- EXERCISE PROMPT -
All entries are to be copied exactly, with pictures removed.
===== RECORDS SHOWN
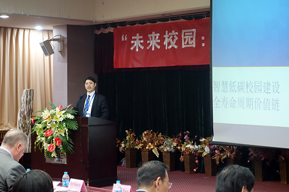 如何建設(shè)智慧低碳校園,周蕾博士有著自己的看法。他坦言校園建筑的多樣化、管理的復雜性以及社會關(guān)注度決定了校園節(jié)能減排解決方案是個系統(tǒng)化的綜合方案。通過合同能源管理機制,加強對新能源的利用是對現(xiàn)有校區(qū)的改造方式。對于新校園建設(shè)則需要充分利用現(xiàn)有的土地資源與自然景觀進行規(guī)劃建設(shè),大力推廣綠色建材、新型材料,同時實現(xiàn)項目從規(guī)劃、設(shè)計到施工的運行維護一體化的網(wǎng)絡(luò)管理平臺的建設(shè),校園綜合能源檢測平臺系統(tǒng)的建立對整個校園的碳排放量進行統(tǒng)計,同時利用大數(shù)據(jù)原理建立高效碳排放信息庫。
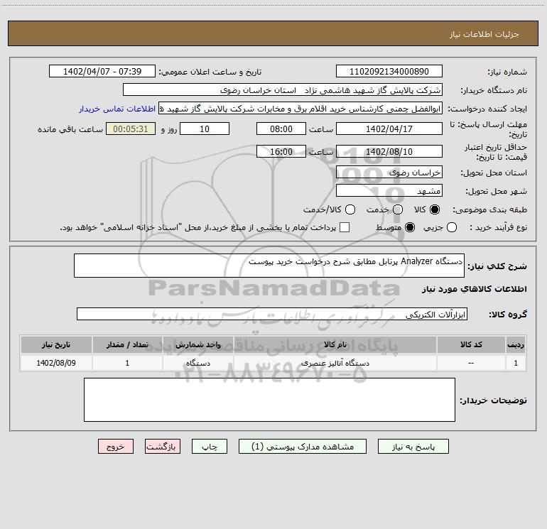 نام دستگاه خریدار:شرکت پالایش گاز شهید هاشمی نژاد استان خراسان رضوی
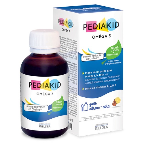 Le sirop Pediakid Oméga 3 est conçu pour les enfants en pleine croissance. Ainsi, il favorise le bon fonctionnement cognitif, la mémoire et la concentration. De plus, grâce à son délicieux goût citron-cola, il devient un complément agréable à prendre au quotidien.
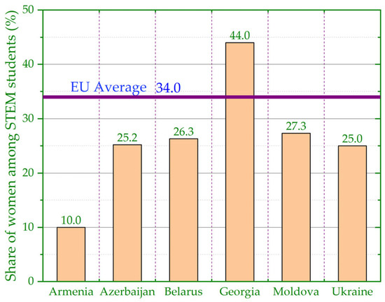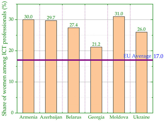 Women’s participation in STEM and ICT-related jobs specifically has been highlighted as a crucial element in achieving the key goal of resilient digital transformation as part of the EU’s digital strategy for sustainable growth. The main issues identified in achieving gender equality for fulfilling this goal in the six EaP countries were gaps in digital literacy, the significant under-representation of women among STEM students (26.3% on average, see Figure 2) and professionals (27.6% on average, see Figure 3), their limited representation in ICT businesses and decision-making on digital transformation, and online discrimination and cyber violence [34].
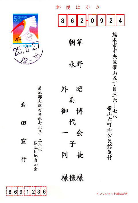 丁度カメラの調子が悪く写真がないのですが、その後お礼のハガキをいただきましたので、紹介します。
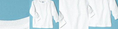 • Double-needle stitched neckline, bottom hem and sleeves
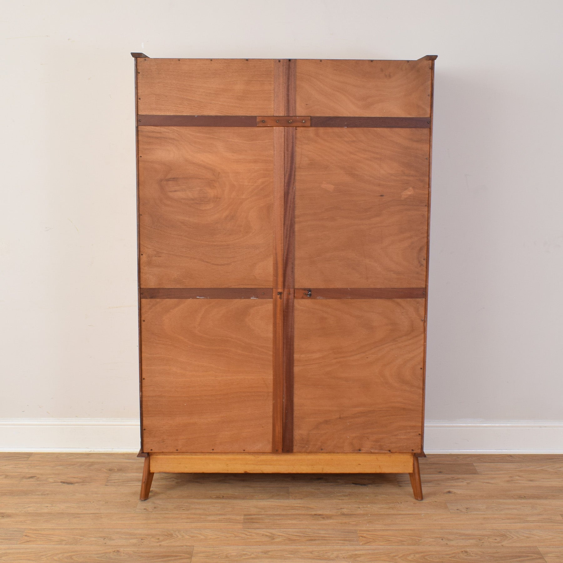 The previous darker finish has been fully stripped back, and multiple coats of hard-wearing matte lacquer have been applied. This creates a durable, long-lasting surface while enhancing the natural grain and warmth of the wood. This item is made from compressed material, covered with a mahogany veneer. The rear panel is made from plywood.
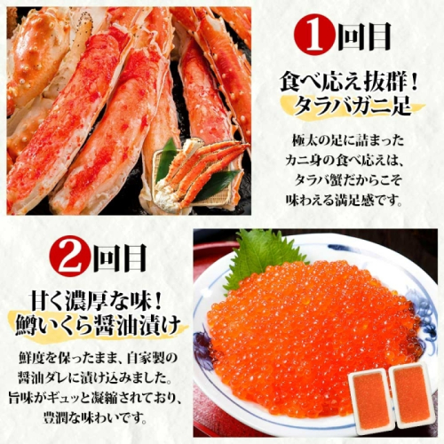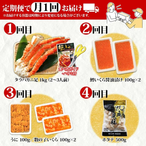 ■定期便■ 1583.蟹 海鮮 頒布会 全4回 タラバガニ足 1kg 鱒いくら 醤油漬け 200g 数の子いくら醤油漬け 200g & ウニ チリ産 冷凍 雲丹 うに 100g ホタテ 500g 蟹 カニ かに 海鮮 送料無料 北海道 弟子屈町
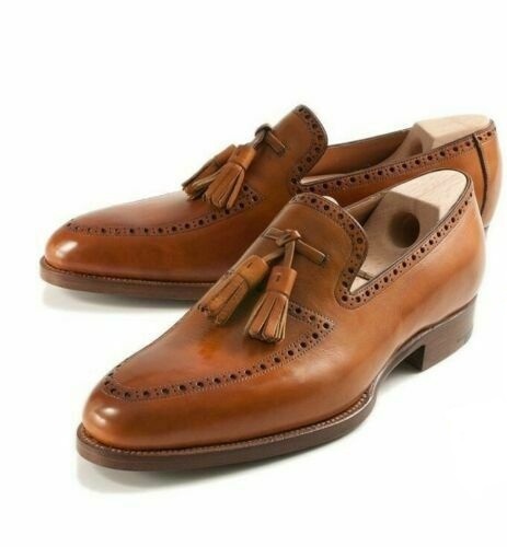 Luxury Men's Hand Stitch Brown Tassels Loafers Style Leather Shoes
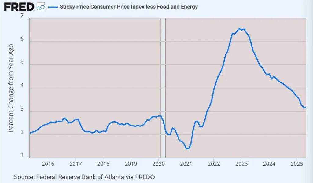 スティッキーCPIは前年比3.15%で、高めだが、ロックダウン後の最低値だ。
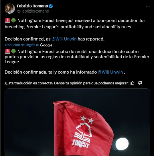 Al poseer pérdidas superiores a las permitidas por la Premier (la liga permite hasta 105 millones de euros en un lapso de 3 temporadas, y el Forest registra una pérdida de 125 millones) y las irregularidades presentadas en los mercados de fichajes, el periodista Will Unwin, de The Guardian, confirmó que los dirigidos por Nuno Spirito Santo sufrirán una quita de 4 puntos en la corriente temporada, algo que los dejaría posiciones en zona de descenso.
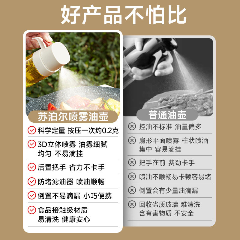 苏泊尔喷油壶雾化空气炸锅喷油瓶家用厨房玻璃油壶防漏不易挂油
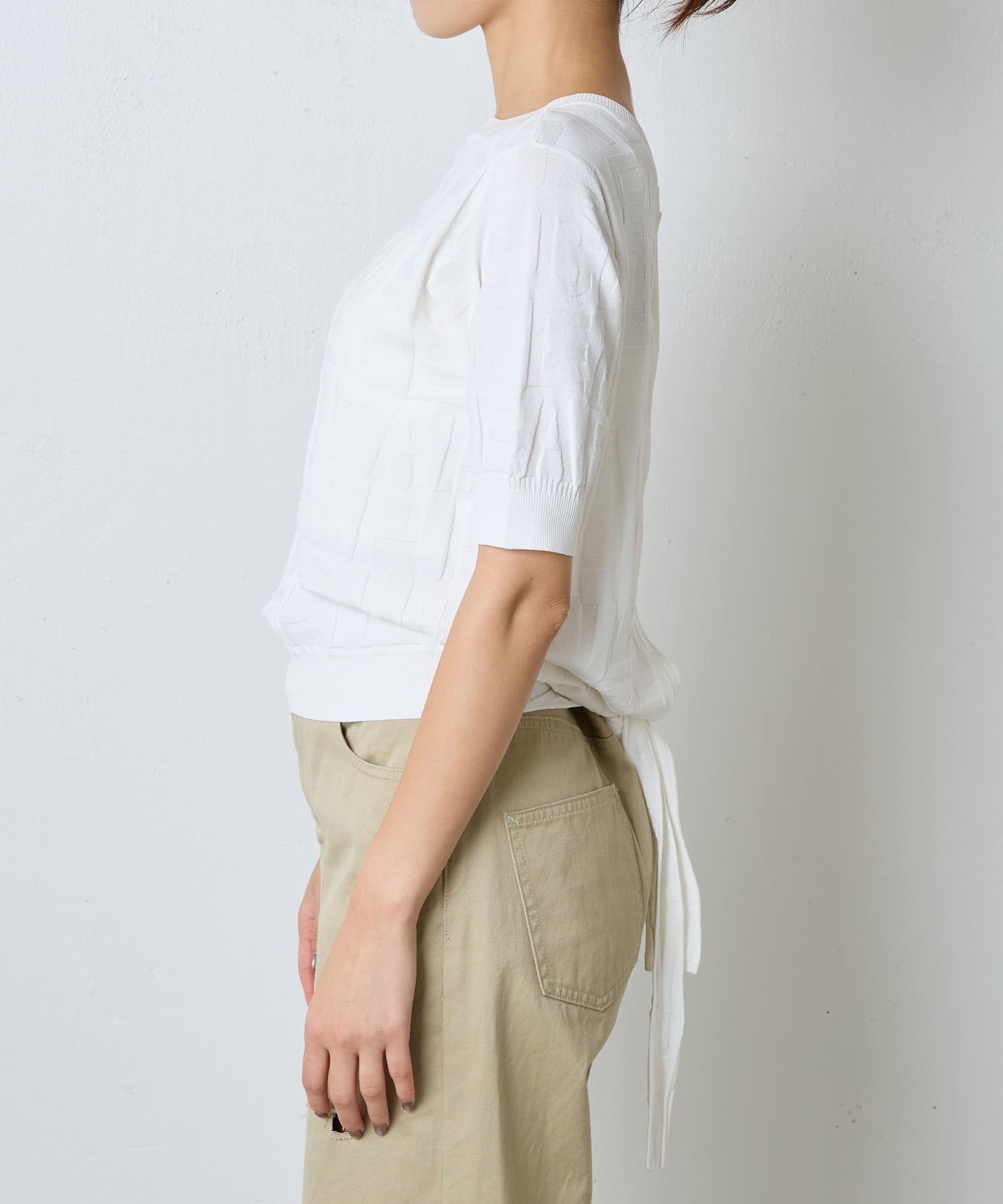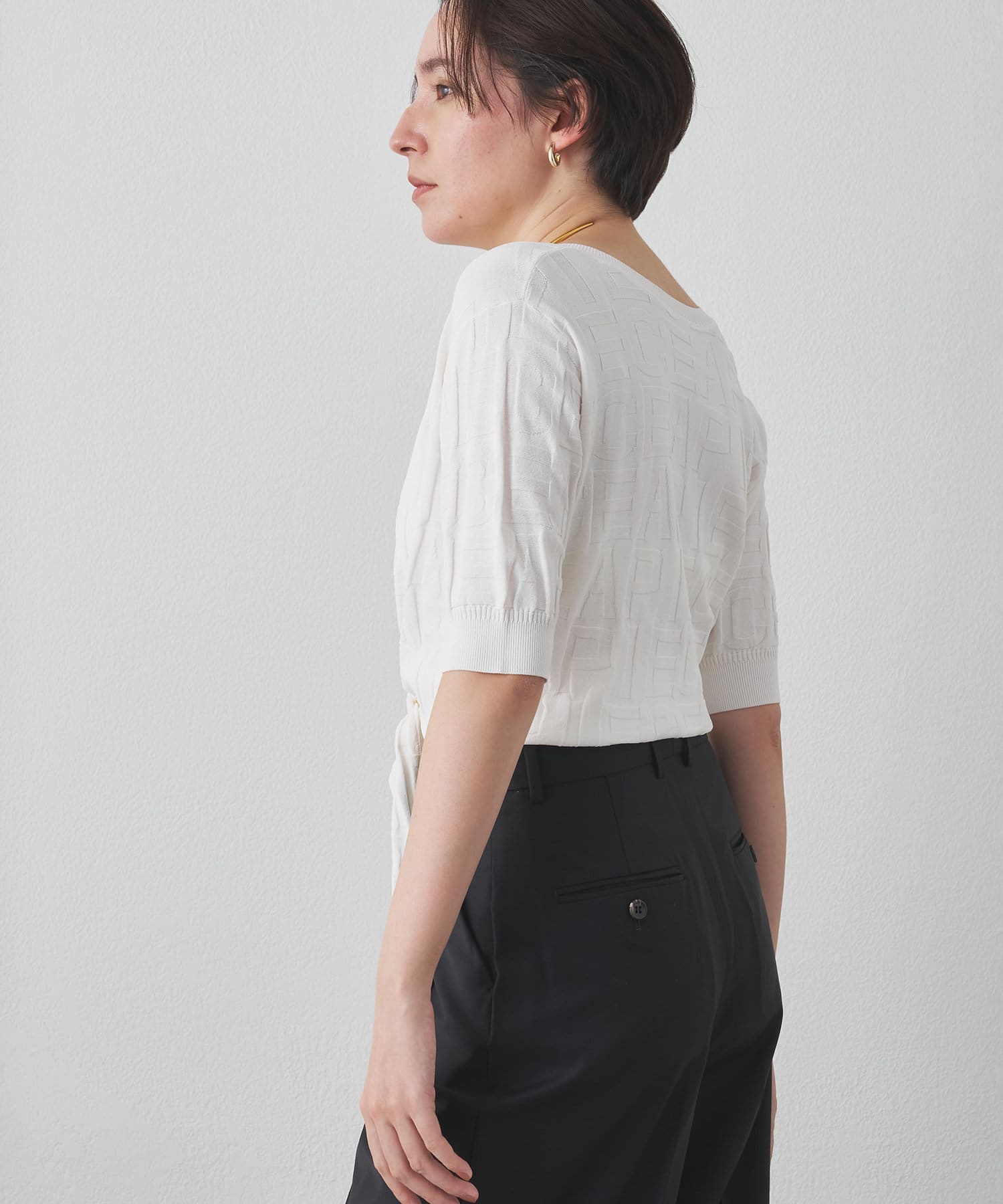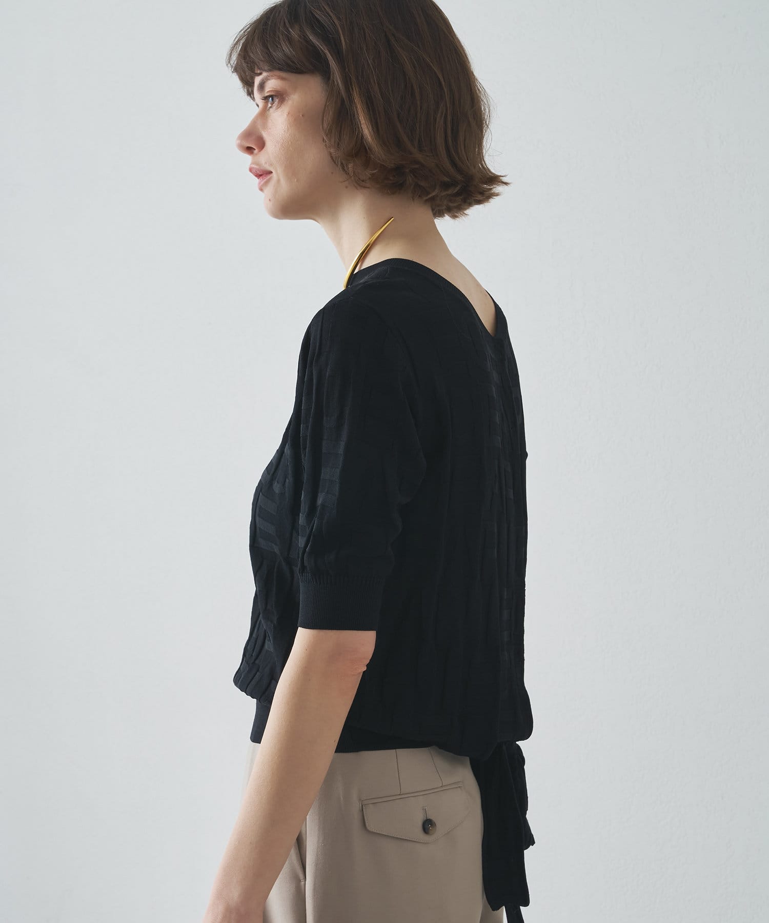■裾が編み続いた紐ディティールになっており、垂らしたままでもいいでも結んでも着れるデザイン。
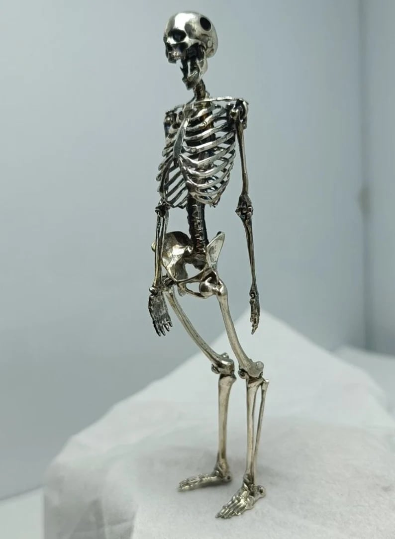 This tiny silver skull might look small, but trust me, it packs a punch! 💥 Every detail is on point—you can see the intricate lines on the bones, it's like a miniature masterpiece straight outta a dark fantasy world. And here's the mind-blowing part: its arms, legs, and mouth are all movable! 🤯 😈 It's like having your own little undead buddy that's always ready to have fun!
==========
- RESULT -
 如何建設(shè)智慧低碳校園,周蕾博士有著自己的看法。他坦言校園建筑的多樣化、管理的復雜性以及社會關(guān)注度決定了校園節(jié)能減排解決方案是個系統(tǒng)化的綜合方案。通過合同能源管理機制,加強對新能源的利用是對現(xiàn)有校區(qū)的改造方式。對于新校園建設(shè)則需要充分利用現(xiàn)有的土地資源與自然景觀進行規(guī)劃建設(shè),大力推廣綠色建材、新型材料,同時實現(xiàn)項目從規(guī)劃、設(shè)計到施工的運行維護一體化的網(wǎng)絡(luò)管理平臺的建設(shè),校園綜合能源檢測平臺系統(tǒng)的建立對整個校園的碳排放量進行統(tǒng)計,同時利用大數(shù)據(jù)原理建立高效碳排放信息庫。
 نام دستگاه خریدار:شرکت پالایش گاز شهید هاشمی نژاد استان خراسان رضوی
 Le sirop Pediakid Oméga 3 est conçu pour les enfants en pleine croissance. Ainsi, il favorise le bon fonctionnement cognitif, la mémoire et la concentration. De plus, grâce à son délicieux goût citron-cola, il devient un complément agréable à prendre au quotidien.
 Women’s participation in STEM and ICT-related jobs specifically has been highlighted as a crucial element in achieving the key goal of resilient digital transformation as part of the EU’s digital strategy for sustainable growth. The main issues identified in achieving gender equality for fulfilling this goal in the six EaP countries were gaps in digital literacy, the significant under-representation of women among STEM students (26.3% on average, see Figure 2) and professionals (27.6% on average, see Figure 3), their limited representation in ICT businesses and decision-making on digital transformation, and online discrimination and cyber violence [34].
 丁度カメラの調子が悪く写真がないのですが、その後お礼のハガキをいただきましたので、紹介します。
 • Double-needle stitched neckline, bottom hem and sleeves
 The previous darker finish has been fully stripped back, and multiple coats of hard-wearing matte lacquer have been applied. This creates a durable, long-lasting surface while enhancing the natural grain and warmth of the wood. This item is made from compressed material, covered with a mahogany veneer. The rear panel is made from plywood.
 ■定期便■ 1583.蟹 海鮮 頒布会 全4回 タラバガニ足 1kg 鱒いくら 醤油漬け 200g 数の子いくら醤油漬け 200g & ウニ チリ産 冷凍 雲丹 うに 100g ホタテ 500g 蟹 カニ かに 海鮮 送料無料 北海道 弟子屈町
 Luxury Men's Hand Stitch Brown Tassels Loafers Style Leather Shoes
 スティッキーCPIは前年比3.15%で、高めだが、ロックダウン後の最低値だ。
 Al poseer pérdidas superiores a las permitidas por la Premier (la liga permite hasta 105 millones de euros en un lapso de 3 temporadas, y el Forest registra una pérdida de 125 millones) y las irregularidades presentadas en los mercados de fichajes, el periodista Will Unwin, de The Guardian, confirmó que los dirigidos por Nuno Spirito Santo sufrirán una quita de 4 puntos en la corriente temporada, algo que los dejaría posiciones en zona de descenso.
 苏泊尔喷油壶雾化空气炸锅喷油瓶家用厨房玻璃油壶防漏不易挂油
■裾が編み続いた紐ディティールになっており、垂らしたままでもいいでも結んでも着れるデザイン。
 This tiny silver skull might look small, but trust me, it packs a punch! 💥 Every detail is on point—you can see the intricate lines on the bones, it's like a miniature masterpiece straight outta a dark fantasy world. And here's the mind-blowing part: its arms, legs, and mouth are all movable! 🤯 😈 It's like having your own little undead buddy that's always ready to have fun!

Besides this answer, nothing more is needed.